Add example authorization capabilities for operations.

index.html

@@ -528,95 +528,229 @@ <h2>
 
       <section class="normative">
         <h2>
-  Operations
+  Operations and Authorization Structure
         </h2>
 
         <p>
 Data vaults allow for the classic set of CRUD (Create, Read, Update and Delete)

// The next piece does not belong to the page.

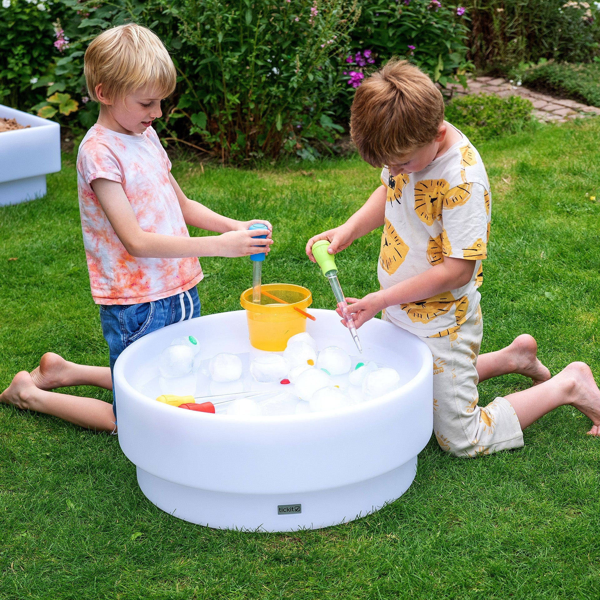 The circular design is perfect for easy access to the table for babies and toddlers or for collaborative play. The sturdy but lightweight design makes it practical to alternate between indoor and outdoor play and is quick and easy to wipe clean.
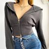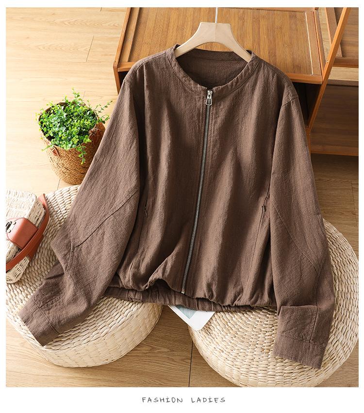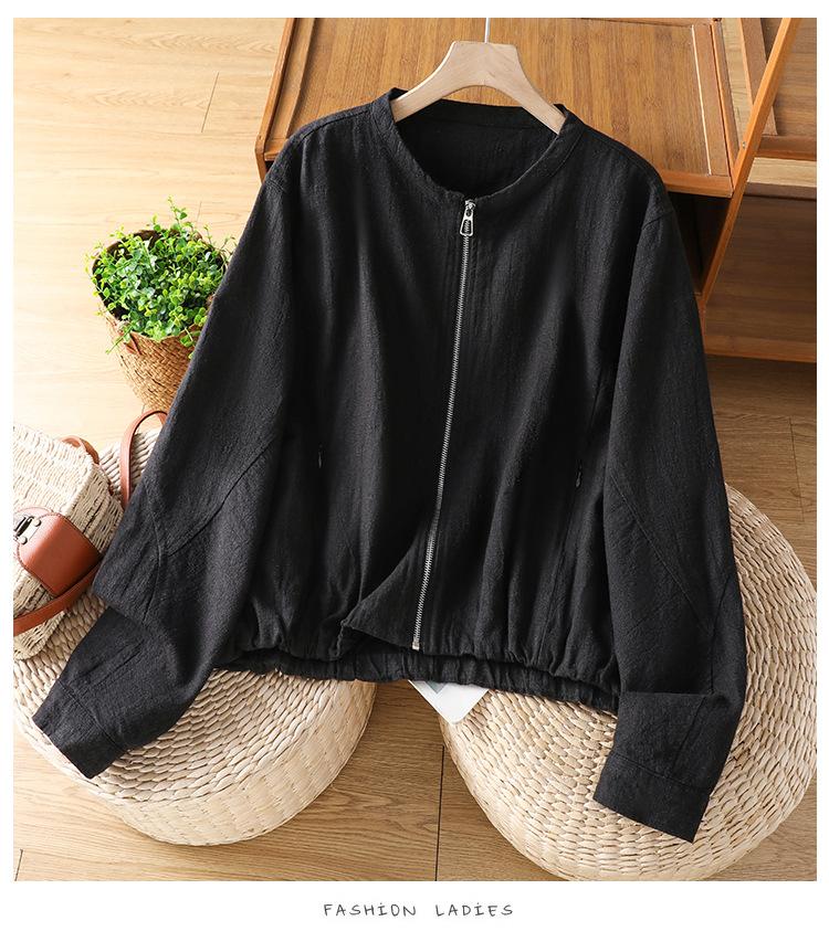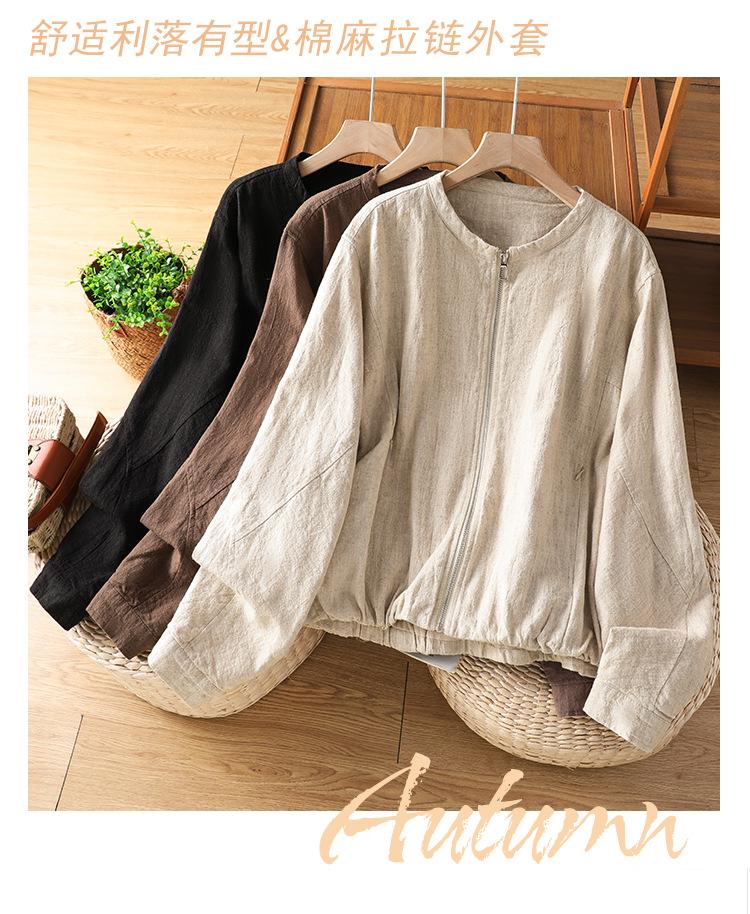 Foto Real 100% Casual Minimalista Chaqueta Corta de Doble Capa para Mujer Otoño Cárdigan con Cremallera Ropa Exterior Top Suelto Chaqueta de Mujer

 operations on its data models.
+All operations performed by an Encrypted Data Vault must carry appropriate
+authorization. This section considers the structure (data model) of
+authorizations in the context of operations they're authorizing.
         </p>
 
         <section class="normative">
           <h3>
     Create Operation
           </h3>
 
-          <ul>
-            <li>
-Create Vault: Creates/provisions an Encrypted Data Vault by specifying a
-<code>DataVaultConfiguration</code> structure. This includes Replication configuration.
-            </li>
-            <li>
-Create Index: Creates an Index for a particular Vault.
-            </li>
-            <li>
-Create Resource (Document or Stream): Creates a Resource in a given Vault.
-            </li>
-          </ul>
+          <section class="normative">
+            <h4>
+              Create Vault
+            </h4>
+
+            <p>
+This operation creates/provisions an Encrypted Data Vault instance by specifying
+a <code>DataVaultConfiguration</code> structure (see the Encrypted Data Vault
+Data Model section). This includes Replication configuration.
+            </p>
+
+<pre class="example highlight"
+  title="Example authorization capability for a Create Vault operation.">
+{
+  "@context": [
+    "https://w3id.org/security/v2",
+    "https://w3id.org/security/suites/ed25519-2020/v1"
+  ],
+  "id": "urn:zcap:root:https%3A%2F%2Fexample.com%2Fedvs",
+  "allowedAction": "write",
+  // entity on which the operation is performed
+  "invocationTarget": "https://example.com/edvs",
+  // DID used to prove possession (invoke the capability)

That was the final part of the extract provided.